** Information shown **

'''

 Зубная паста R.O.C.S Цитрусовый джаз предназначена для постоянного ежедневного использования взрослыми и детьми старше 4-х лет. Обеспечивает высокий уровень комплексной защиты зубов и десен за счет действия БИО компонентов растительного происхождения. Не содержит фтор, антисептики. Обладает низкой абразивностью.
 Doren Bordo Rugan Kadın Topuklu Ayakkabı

'''
'''

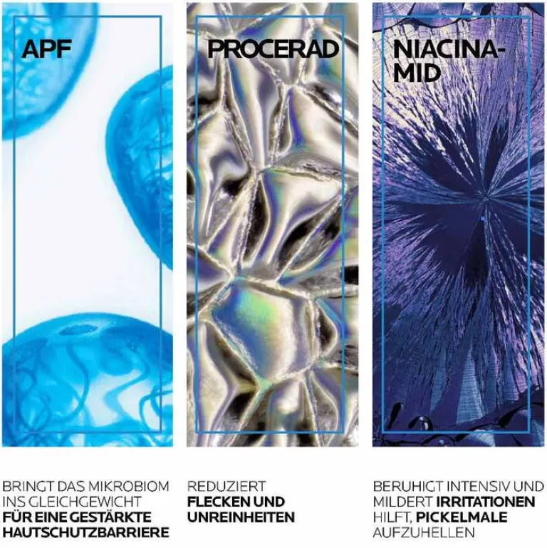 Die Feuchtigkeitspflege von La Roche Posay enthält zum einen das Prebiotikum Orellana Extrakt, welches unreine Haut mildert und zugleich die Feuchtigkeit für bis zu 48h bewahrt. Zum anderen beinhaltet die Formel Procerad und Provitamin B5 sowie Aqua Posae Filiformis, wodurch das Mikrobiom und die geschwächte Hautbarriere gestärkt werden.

'''

** What you need to do **
Copy out, word for word, the part of the entries above that begins at the line with "Зубная паста R.O.C.S" and ends at the line with "Doren Bordo Rugan Kadın Topuklu Ayakkabı", including both.

** Exercise result **
 Зубная паста R.O.C.S Цитрусовый джаз предназначена для постоянного ежедневного использования взрослыми и детьми старше 4-х лет. Обеспечивает высокий уровень комплексной защиты зубов и десен за счет действия БИО компонентов растительного происхождения. Не содержит фтор, антисептики. Обладает низкой абразивностью.
 Doren Bordo Rugan Kadın Topuklu Ayakkabı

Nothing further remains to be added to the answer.